Use case: Topic modeling

In this section I will outline a method for applying topic modeling against Homer’s Iliad and Odyssey. I have found this method works very well for just about any study carrel.

Topic modeling is an unsupervised machine learning process. It is used to enumerate latent themes in a corpus, and it is a very good way to describe what a corpus is about. But the student, researcher, or scholar must keep in mind that there is no one correct answer to questions regarding aboutness. For example, answer me this, “How many things are Shakespeare’s writings about, and what are they?” That said, topic modeling is a useful exercise because it can be used to illustrate the ebb & flow of ideas over time or how different authors’ writings compare & contrast.

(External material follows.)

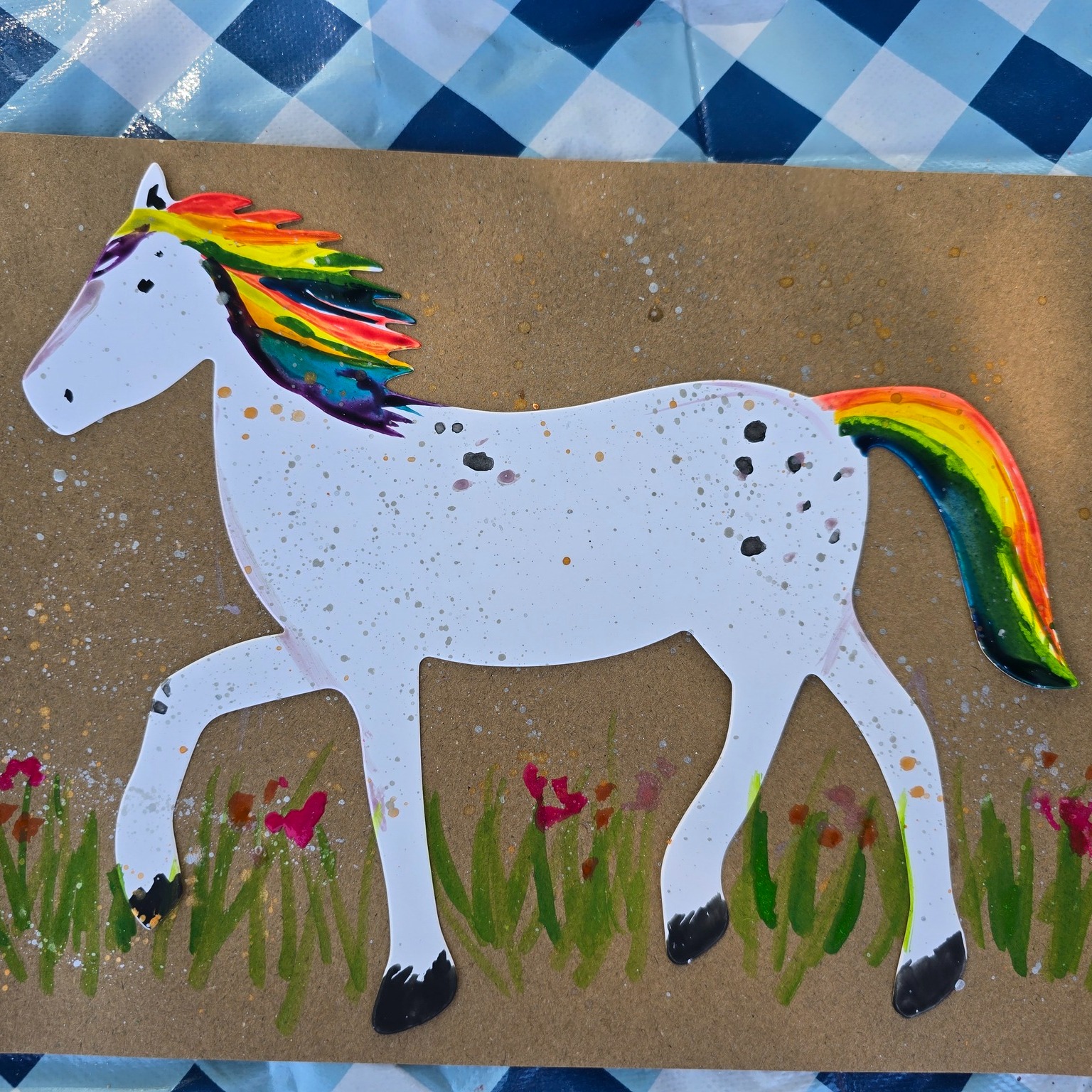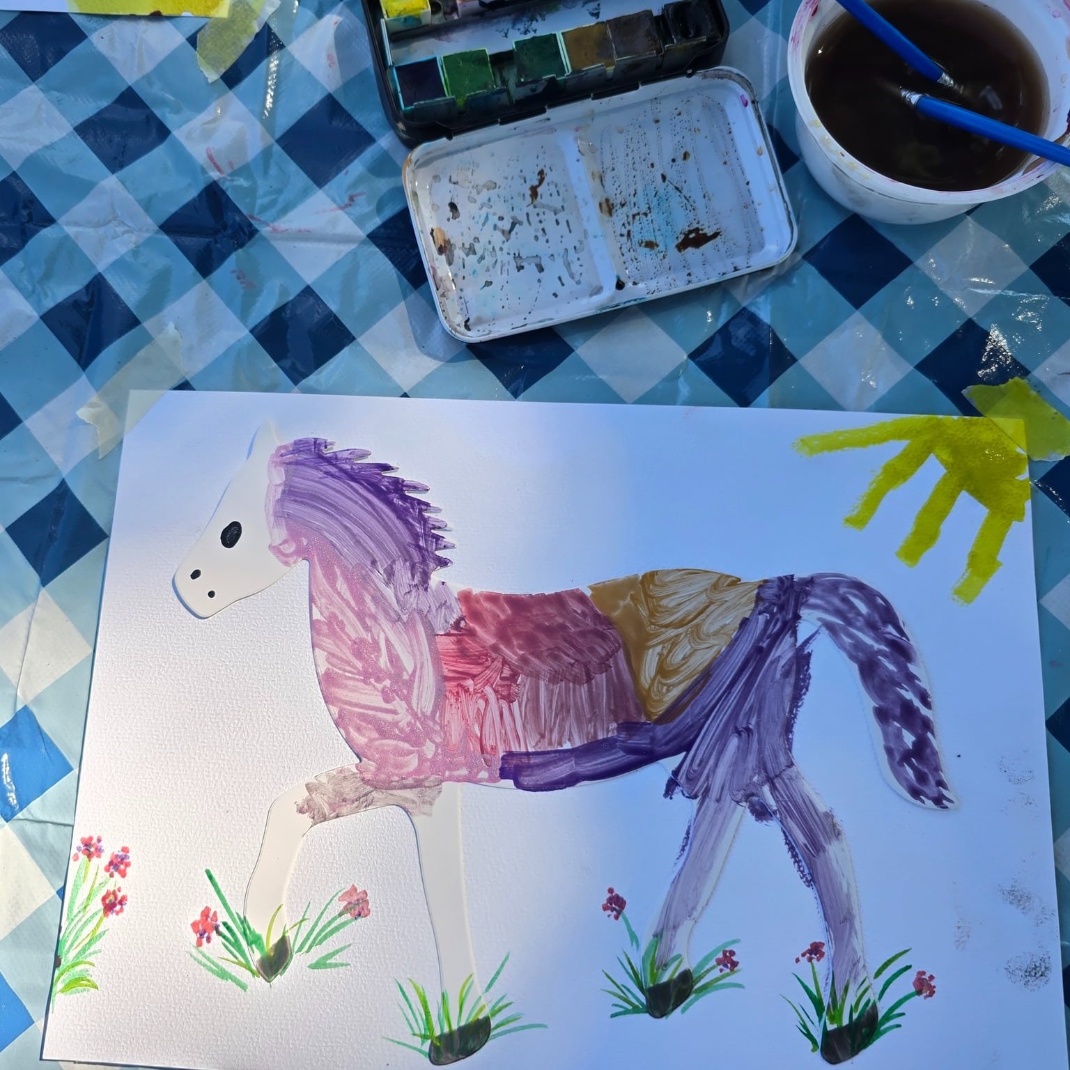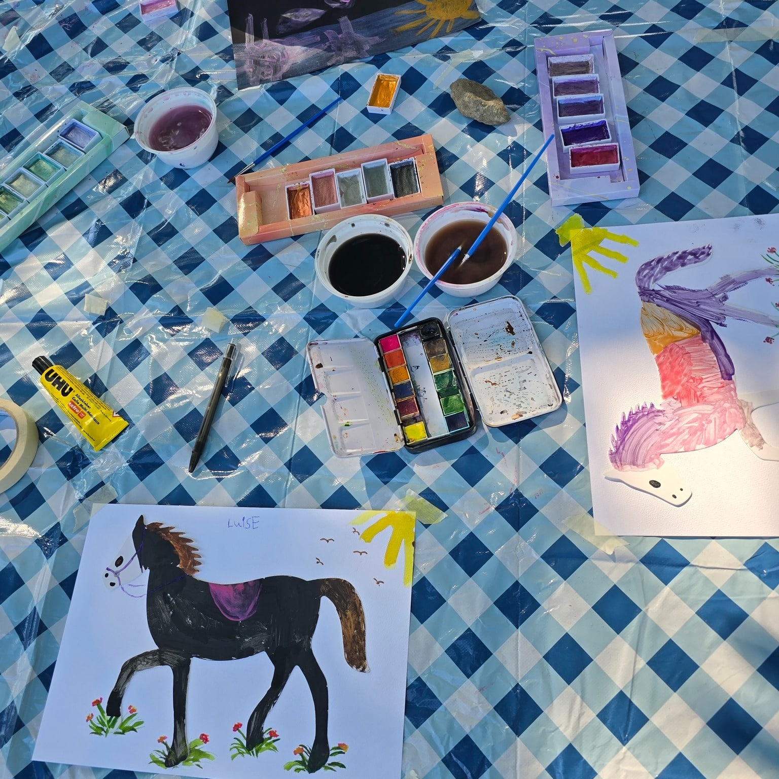 Mit Glitzerfarben und viel Kreativität haben die Kinder aus Papppferden bunte Kunstwerke gestaltet. Jedes Pferd wurde auf einen individuell gestalteten Hintergrund geklebt und die Kinder erzählten begeistert, wo und wie ihre Pferde leben. 🌟

To begin, download the homer study carrel:

rdr download homer

Use the info command to get an idea of the carrel’s extent. Notice how the carrel is about 270,000 words long. The bigger the carrel, the more time must be spent computing topic models:

rdr info homer

Next, cluster the corpus to get an idea of how many large-scale themes may exist in the corpus. The result of this process informs the topic modeling process:

rdr cluster homer

Notice how the corpus falls into two gross themes, but we don’t know what those themes may be:

_images/tm-cluster.png

Ask yourself, “If I were to describe Homer’s works in a single word, then what would that word be?” To answer the question, model Homer using a single topic and a single word:

rdr tm homer -t 1 -w 1

Apparently Homer’s works are about “will”:

  labels  weights features
will   5.8306    will

Now ask yourself, “How can that single topic be elaborated upon?” To answer the question, model Homer with a single topic and four words:

rdr tm homer -t 1 -w 4

Apparently Homer has something to do with the topic will-son-one-man, and the topic can be labeled with the word “will”:

  labels  weights           features
will   5.8306  will son one man

“Okay,” you say do yourself, “But if I were divide Homer into two topics and each where elaborated upon with four words, then what might those topics be?” Try this:

rdr tm homer -t 2 -w 4

The answer to your question is “will”, and “son”, but just as importantly, take note of the words used to elaborate on these topics:

  labels  weights                    features
will  0.52631     will ulysses one house
 son  0.42646  son will trojans achaeans

Now is a good time to visualize this result. Given the whole corpus has been divided into two themes, and each theme has a weight, then what proportion of the whole is assigned to each theme? Pie charts are an easy way to visualize these relationships. To create a pie chart from the model, give this a go:

rdr tm homer -p read -o chart

We can literally see that about half of Homer is about “will” and half of Homer is about “son”. And notice also how the pie chart’s ratios are very similar to the ratios output by the cluster process:

_images/tm-pie-01.png

Since the underlying files in this study carrel are named sequentially, it is possible to enhance the underlying topic model with file names, pivot the model, and illustrate how our two themes ebb and flow of the course of the Homer’s stories:

rdr tm homer -p read -o chart -y line -f title

From the results we can see that the two themes are distinctive between the two underlying works. One broadly describes the Trojan War, and the other broadly describes Ulysses return home:

_images/tm-line-01.png

Modeling Homer with a larger number of topics elaborates on what we have already seen, but since we are requesting a greater number of facets, it behooves us to significantly increase the number of times the underlying calculations are performed:

rdr tm homer -t 8 -w 8 -i 9600
rdr tm homer -p read -o chart
rdr tm homer -p read -o chart -y line -f title
_images/tm-pie-02.png _images/tm-line-02.png

Given there are forty-eight books in the whole of Homer, it might behoove the student, researcher, or scholar to model the corpus with forty-eight topics, many words, denote an obscene number of iterations, and visualize the result:

rdr tm homer -t 48 -w 12 -i 12800
rdr tm homer -p read -o chart
rdr tm homer -p read -o chart -y line -f title
_images/tm-pie-03.png _images/tm-line-03.png

Notice how the topic of “will” dominates, again, and then ask yourself, “Why?”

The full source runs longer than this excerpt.